TRY IT:
Every line below must be reproduced exactly; no pictures are to be included.

SOURCE DATA:
[Start of Attachment]
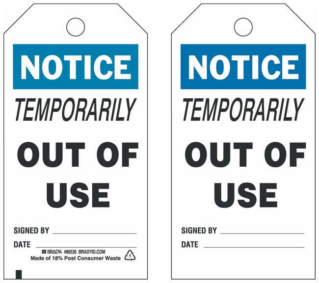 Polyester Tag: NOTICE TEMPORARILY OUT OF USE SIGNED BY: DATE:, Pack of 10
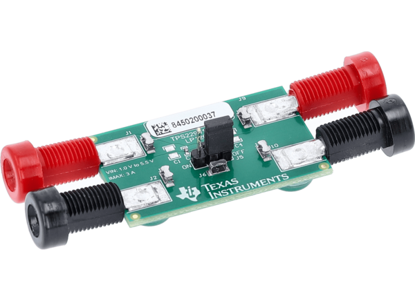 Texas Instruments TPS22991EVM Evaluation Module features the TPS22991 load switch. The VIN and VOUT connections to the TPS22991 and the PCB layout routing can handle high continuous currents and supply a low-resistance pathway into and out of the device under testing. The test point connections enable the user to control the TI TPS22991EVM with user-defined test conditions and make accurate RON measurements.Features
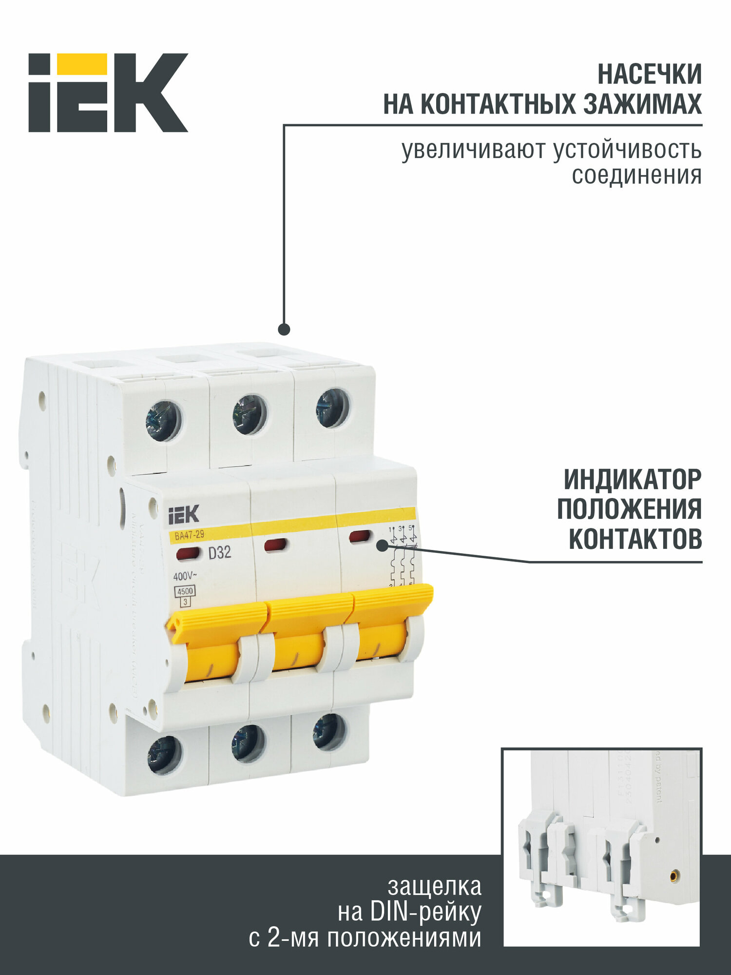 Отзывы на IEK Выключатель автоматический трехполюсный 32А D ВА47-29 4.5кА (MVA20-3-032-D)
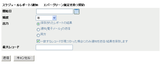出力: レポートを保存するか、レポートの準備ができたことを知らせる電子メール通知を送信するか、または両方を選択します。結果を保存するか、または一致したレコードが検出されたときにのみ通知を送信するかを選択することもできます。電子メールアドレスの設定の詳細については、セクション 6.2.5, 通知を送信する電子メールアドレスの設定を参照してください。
[End of Attachment]
ANSWER TO THE PROBLEM:
 Polyester Tag: NOTICE TEMPORARILY OUT OF USE SIGNED BY: DATE:, Pack of 10
 Texas Instruments TPS22991EVM Evaluation Module features the TPS22991 load switch. The VIN and VOUT connections to the TPS22991 and the PCB layout routing can handle high continuous currents and supply a low-resistance pathway into and out of the device under testing. The test point connections enable the user to control the TI TPS22991EVM with user-defined test conditions and make accurate RON measurements.Features
 Отзывы на IEK Выключатель автоматический трехполюсный 32А D ВА47-29 4.5кА (MVA20-3-032-D)
出力: レポートを保存するか、レポートの準備ができたことを知らせる電子メール通知を送信するか、または両方を選択します。結果を保存するか、または一致したレコードが検出されたときにのみ通知を送信するかを選択することもできます。電子メールアドレスの設定の詳細については、セクション 6.2.5, 通知を送信する電子メールアドレスの設定を参照してください。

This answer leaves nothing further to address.